# Auto-trail Miami 740s



## 2kias (Sep 18, 2006)

We have had our Miami from new since last November and have only a few niggly problems which have been corrected by me. The major problem has been overheating with the Truma C6002 Combi boiler.

To cut a long story short I have been back to Truma twice with this and have written to Auto-trail regarding the installation.

Here is part of the letter received from Auto-trail which others with the same model might find interesting:-

" It is Auto-trail policy to have Truma check and approve all our installations before we go into production, unfortunately this has not happened on the Miami. The reason for this is that originally it was fitted with an Eberspacher heater but during the testing of the heater, it was found unsuitable for the application and, as a result, it was changed to a Truma Combi. Our Quality Manager (They do have one then!!!) has now invited Truma to inspect the installation to gain approval.

We are aware of the potential overheating problem and are in the process of contacting our dealers to recall the affected vehicles for rectification. I would point out that this only affects the first batch batch of the 740s model and all subsequent models have been modified."

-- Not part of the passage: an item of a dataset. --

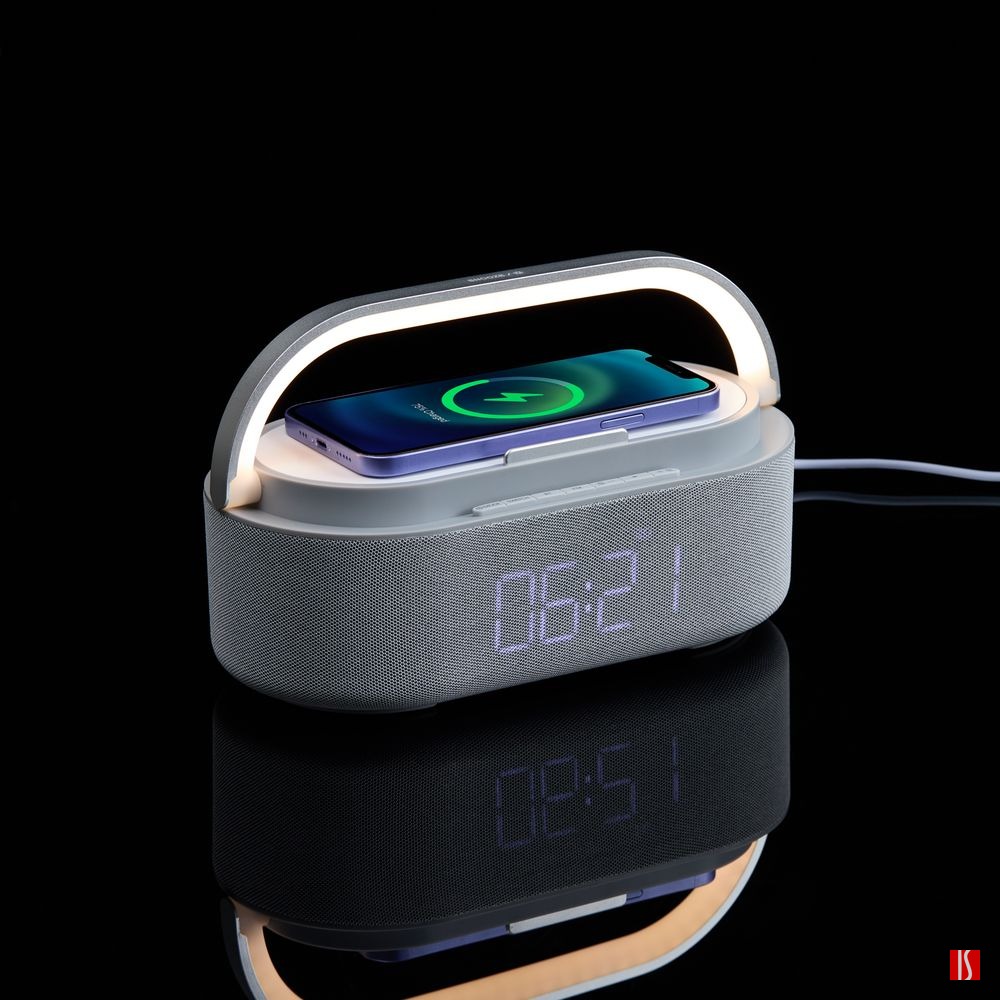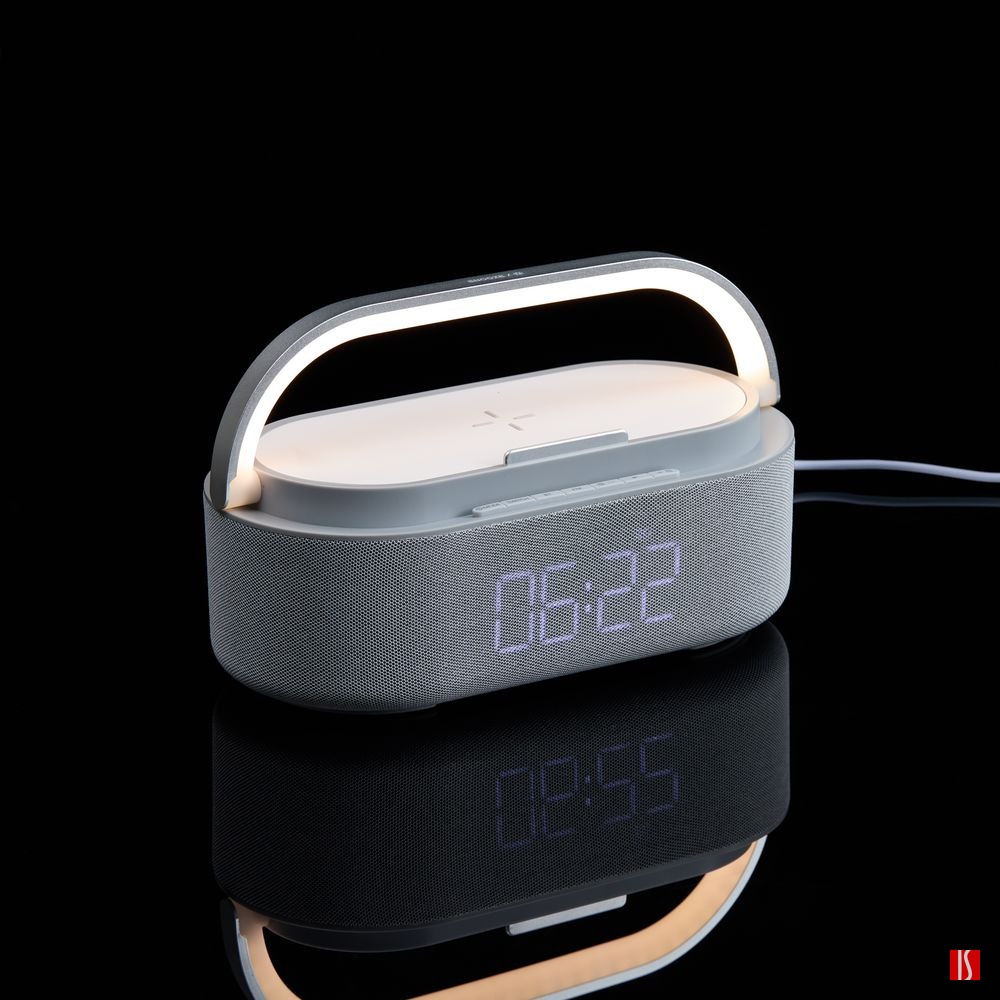 Колонка с часами и беспроводной зарядкой Veske ver.2, серая

Whilst this letter is O.K. as far as it goes, I do not believe that Truma will pass the installation on any of the models as they do not consider there is enough headroom between the top of the boiler and the bed above.

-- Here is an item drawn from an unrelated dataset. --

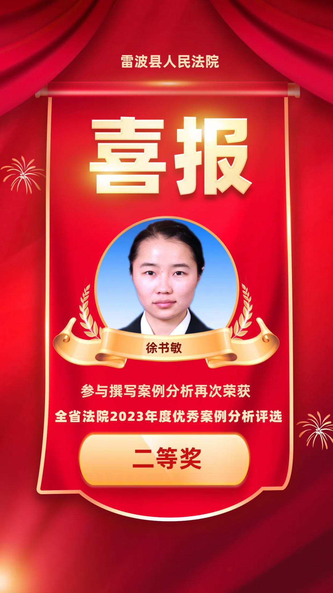 喜报!雷波法院徐书敏参与撰写案例分析荣获省级二等奖!

No mention was made in the letter to the fact that I have personally put an air vent in the bed box to assist in ventilation as advised by Truma and sent a photo of the alteration to Auto-trail.

The end result of all this is that, with the vent, the overheating is much reduced but not completely cured.

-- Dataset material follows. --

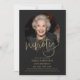 Photo Black and Gold Script 90th Birthday Invitation. Celebrate in style with this modern 90th birthday invitation featuring a full photo layout and elegant handwritten gold script. The sleek black background and contemporary typography create a glamourous, sophisticated design that’s perfect for marking an unforgettable milestone. Personalise with your photo and event details for a chic keepsake.

It remains to be seen if I am ever contacted by my dealers as stated in the letter. They originally suggested I went to Truma.

Watch this space!


----------



## Bluemax (Jul 7, 2008)

We took delivery of our Autotrail Miami 740S in June 2007. We initially had trouble with an overheating boiler, especially when it was in 'summer mode' for hot water only. The dealer cut two holes in the bed box facing and fitted two plastic grills to aid ventilation, Seems to work to a certain extent but still gets quite warm with hot water heating only but we tend to open one of the doors under the bed to give it even more ventilation. There always seems to be a ' hot carbon' smell from it when it has been on for some time. We only put the boiler on when we need it and then turn it off again straight after showering or washing up. The underside of the mattress does get warm, but so far no damage to it.


----------